Remathilis
Legend
Obviously we have never played together (you cannot just predict the scores on my characters just form class alone), and in 4e hitting is just way too important, but for example Battle clerics can dump Wisdom, 3.x allows for more room: crossbow fighters can have any kind of str score (including 8), "showy" rogues can have a dex as low as 13, blasty and gishy sorcerers even get away with having 14 cha, I've played paladins and know of rangers with a wisdom so low they don't get to cast spells, monks are so mad they don't have a single primary, even 2e with it's score requirements to be a class allows for some pretty low scores all over the place. It all comes to playstyle, of course in a charop heavy game you'll never see such characters, but they exist in more story and character driven games, and it is exactly there that such a steep and harsh requirements/restrictions hurt the most. I don't doubt some groups will need a way to stop endless dipping, but ability score requirements fall short on them (really, the current restrictions allow for a 9 class dipper while greatly restricting the ability of any non-optimized character to get a second class)
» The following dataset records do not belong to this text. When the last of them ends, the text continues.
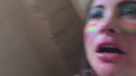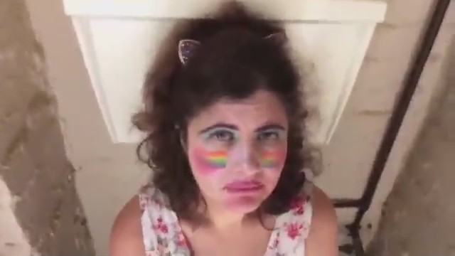 Толстая бабенка разукрасила лицо в поддержку сексуально левых движений. Она из себя строит всю такую невинность, радуется большому котику на ручках, а сама сразу же принялась ласкать собственную киску через трусики. Вместе с оператором чмошница проследовала в сортир, где посидела пару минут возле унитаза, на который села и начала сосать, да так глубоко, что затылком чуть не разбила унитазный бачок. Результатом отсоса явилась сперва на чуть-чуть высунутый язычок чмошной леди, которая продолжила ролик собственной мастурбацией, за что еще получила поток мочи в лицо и любовный поцелуй от приятеля.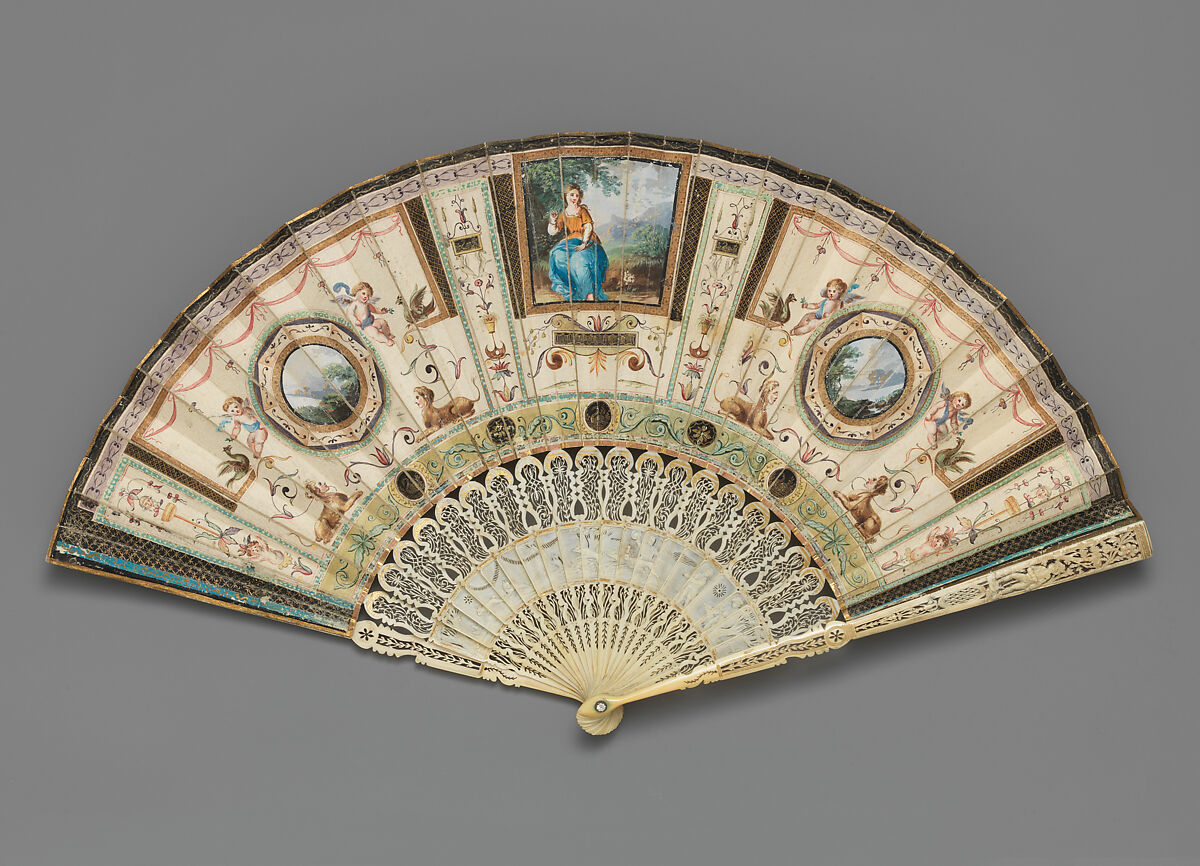The lovely frieze on the front of this fan is delicately hand-painted with antique-inspired grotesques framing landscape cartouches. The reverse of the fan, in contrast, is much more tentative and unsophisticated in its decoration, suggesting that the fan's owner may have customized that side herself.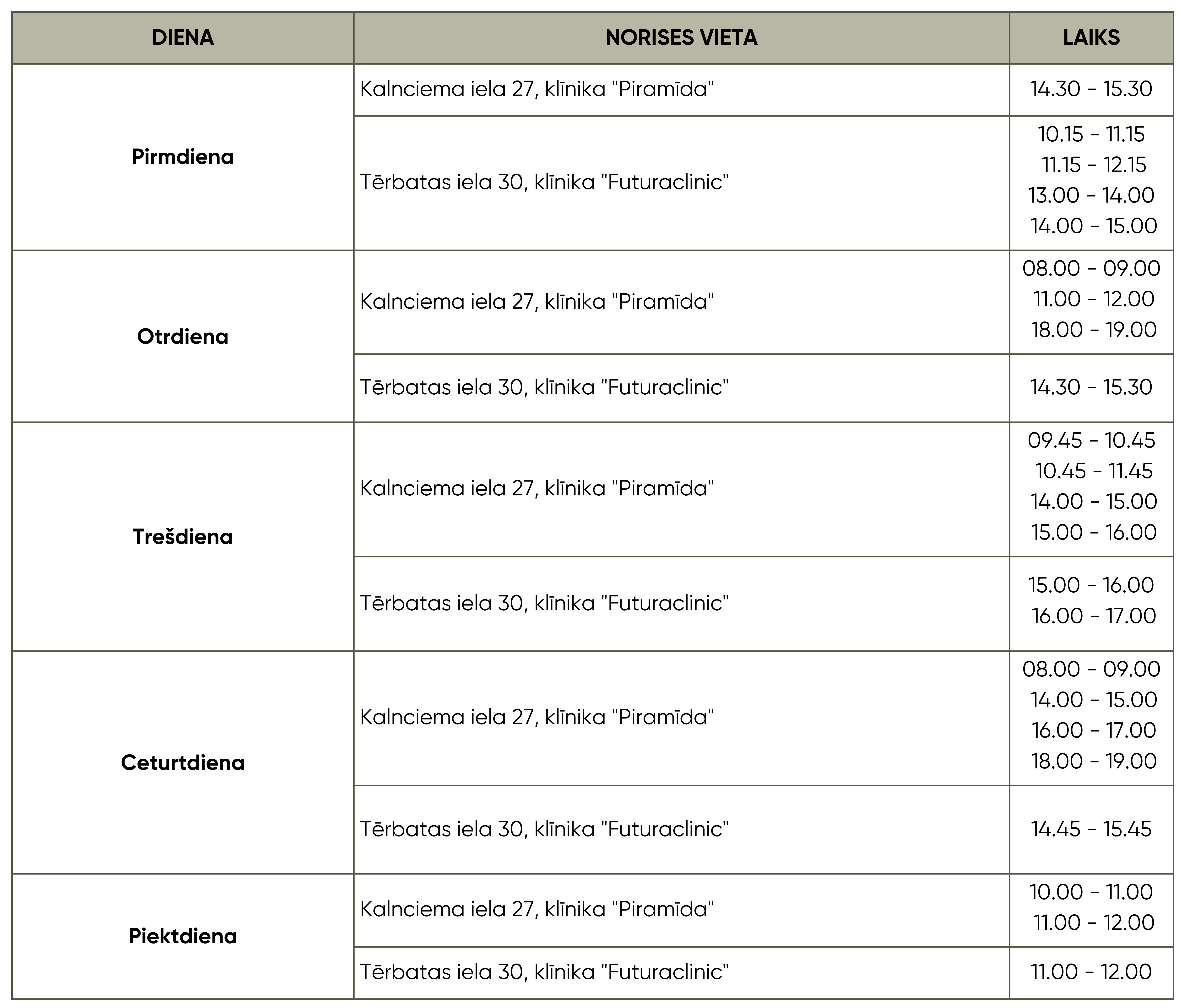 - klīnika “FuturaClinic”, Tērbatas iela 30, Rīga.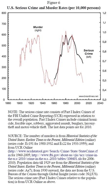 Unfortunately, we do not have unified serious crime statistics for years prior to 1960. But we do have data for the murder rate, depicted here in red. The number of murders of course is much smaller that the overall number of serious crimes. In 1980, for instance, for every 10,000 people there were 600 serious crimes but only one murder. The key for our purposes, though, is that the two series are highly correlated. And if this correlation also held prior to 1960, it implies that the U.S. crime rate has followed a fairly stylized long-term cycle.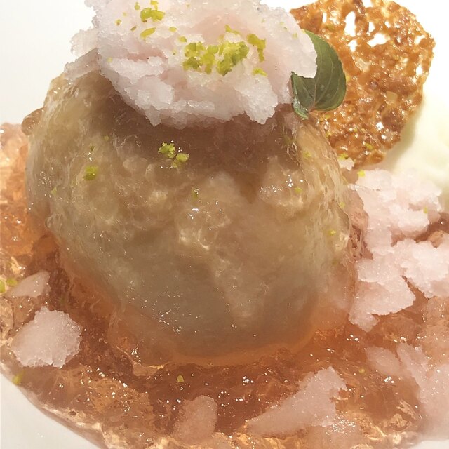 今回の真のメイン「旬の白桃丸ごとコンポート」です、パチパチ。コイツは食べ応えありですゎ。久しぶりの「別腹」という事で。
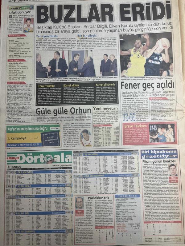 MİLLİYET GAZETESİ DOĞUM GÜNÜ HEDİYESİ - 14 KASIM 2001 -TAM TAKIM 28 SAYFADIR -Ahmet Tekin-Güneri Cıvaoğlu-Hasan Cemal-Mehmet Y. Yılmaz-Murat Saygı-Ahmet Tulgar-Yusuf İslam-Nurdan Akıner-Attila Gökçe-Fatih Terim-Lucescu-Mondragon-Ümit Milli Takımı-Ergün Penbe-Hakan Şükür-Arif Erdem-Hasan Şaş-Ömer Üründül-Erdoğan Şenay-Murat Saygı-Harun Günek-Hanifi Güney-Garbis Özatay-Gizem Özdilli-Benhan Duygu-Daniel Colagrossi-İlaç gibi-Taliban dağa halk berbere-Hedef Armutlu ileri-Cep kumarı iptal edildi-Zap yapmak refleks oldu-Viagra bisiklete bindi-UFO heyecanı-Hollanda’dan çöpçü geldi-Seksi açılış-İstanbul aramızda kalsın-Terim’e dön çağrısı-Galip geldik ama barajı geçemedik-Ümitler’e yetmedi-Haydi güneşin doğduğu yere-Ağır toplar göreve-Zaplamak bende bir refleks oldu-Namazdan çıkıp imzaya koştu, Ali Naci Karacan tarafından kaleme alınmıştır. MİLLİYET GAZETESİ DOĞUM GÜNÜ HEDİYESİ - 14 KASIM 2001 -TAM TAKIM 28 SAYFADIR -Ahmet Tekin-Güneri Cıvaoğlu-Hasan Cemal-Mehmet Y. Yılmaz-Murat Saygı-Ahmet Tulgar-Yusuf İslam-Nurdan Akıner-Attila Gökçe-Fatih Terim-Lucescu-Mondragon-Ümit Milli Takımı-Ergün Penbe-Hakan Şükür-Arif Erdem-Hasan Şaş-Ömer Üründül-Erdoğan Şenay-Murat Saygı-Harun Günek-Hanifi Güney-Garbis Özatay-Gizem Özdilli-Benhan Duygu-Daniel Colagrossi-İlaç gibi-Taliban dağa halk berbere-Hedef Armutlu ileri-Cep kumarı iptal edildi-Zap yapmak refleks oldu-Viagra bisiklete bindi-UFO heyecanı-Hollanda’dan çöpçü geldi-Seksi açılış-İstanbul aramızda kalsın-Terim’e dön çağrısı-Galip geldik ama barajı geçemedik-Ümitler’e yetmedi-Haydi güneşin doğduğu yere-Ağır toplar göreve-Zaplamak bende bir refleks oldu-Namazdan çıkıp imzaya koştu adlı eser Türkçe dilindedir.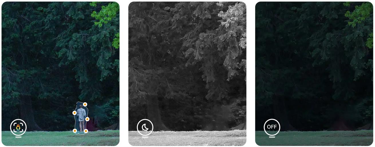- Različiti načini noćnog vida – IR, puni kolor, pametni režim ili potpuno isključeno, ovisno o potrebama.
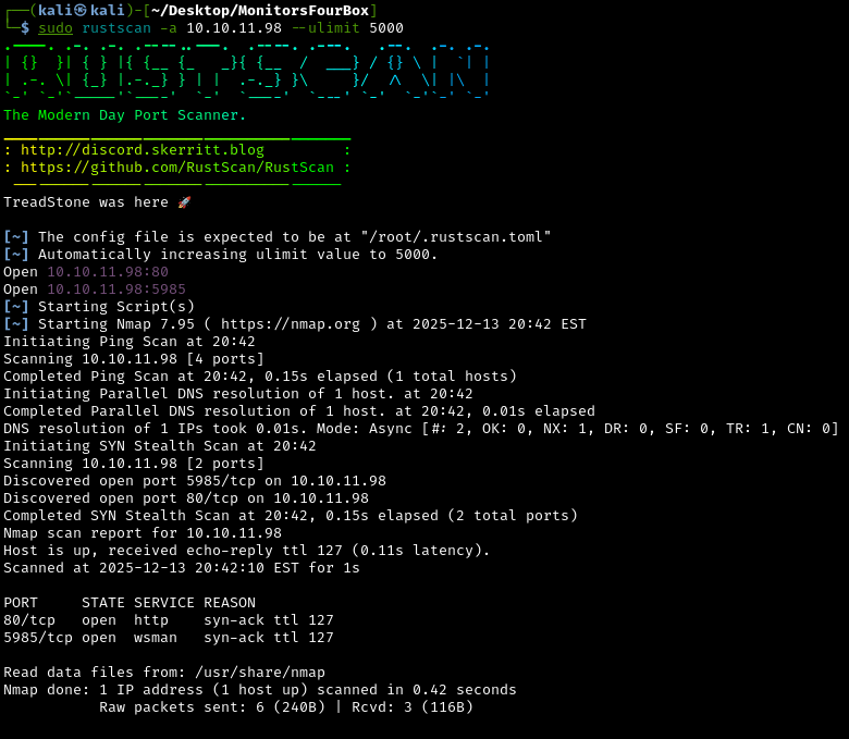Let’s start by identifying which network ports are open using rustscan: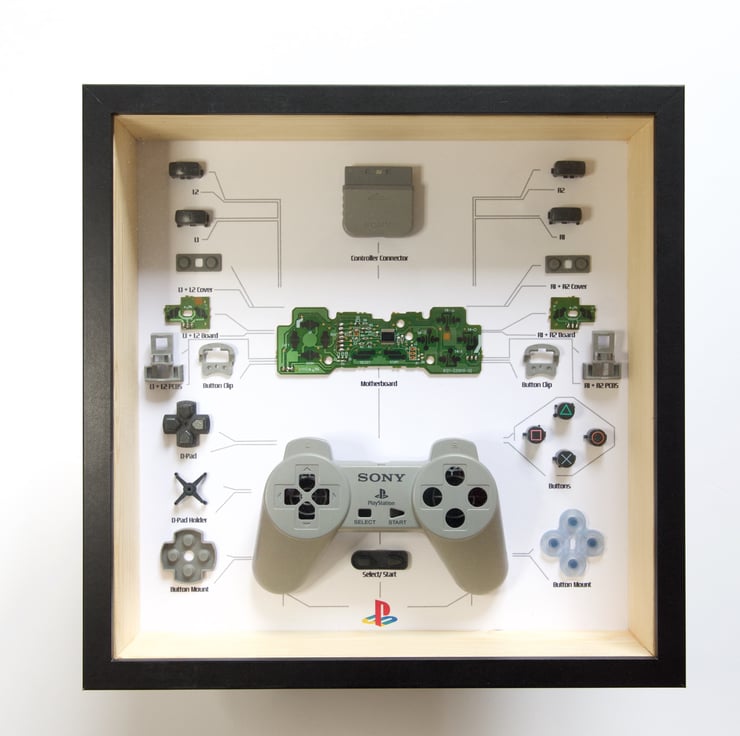 Welcome to Everything3DMade (well almost everything). With the PlayStation One coming out in 1994, this has helped carry on the way gaming is paved. Why not get yourself a bit of history with this broken down wall art frame which would be perfect for any mancave. This comes as a full frame with the controller and parts inside.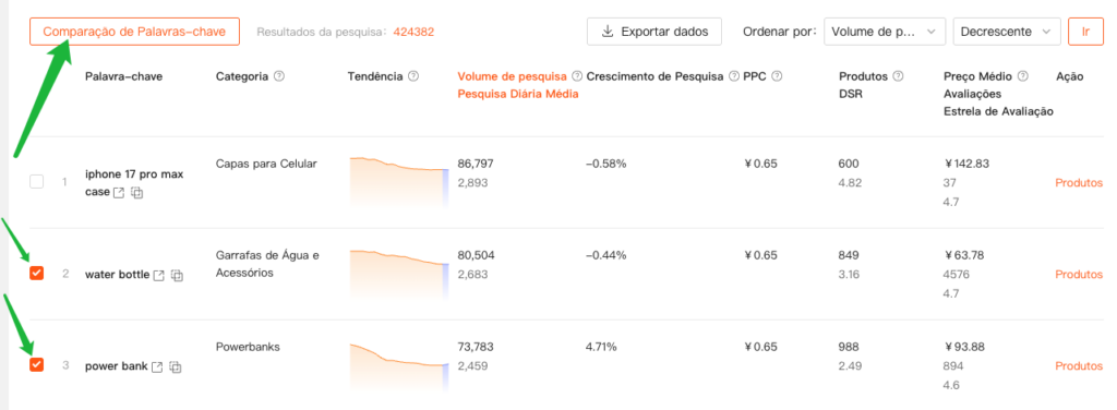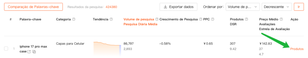 | Produtos (DSR) | Produtos:Refere-se a quantos produtos relacionados aparecem após buscar por esta palavra-chave; DSR= Volume médio diário de busca (demanda) / Número de Produtos (oferta), usado para avaliar a força da demanda. |

My group is as far from "optimized" or "charop" as you can get, and we still fall under the predictable lines. A fighter with a high strength (we tried some dex-based fighters early on, the fact they tended to be weak as heck limited their use until the Swashbuckler from CW). Even archers had decent strengths and mighty bows ("crossbows are wizard weapons"). Likewise, I can't imagine a caster with a low caster stat due to how DCs worked. I really don't think it would ever cross their minds to have a rogue with a higher str than dex or a druid with a high str/con and dumps wis.
I'm sure there is room for a farmboy who is drafted into the army and later finds God (13 str, 12 wis fighter/cleric) but I'm also fairly sure they are the minority.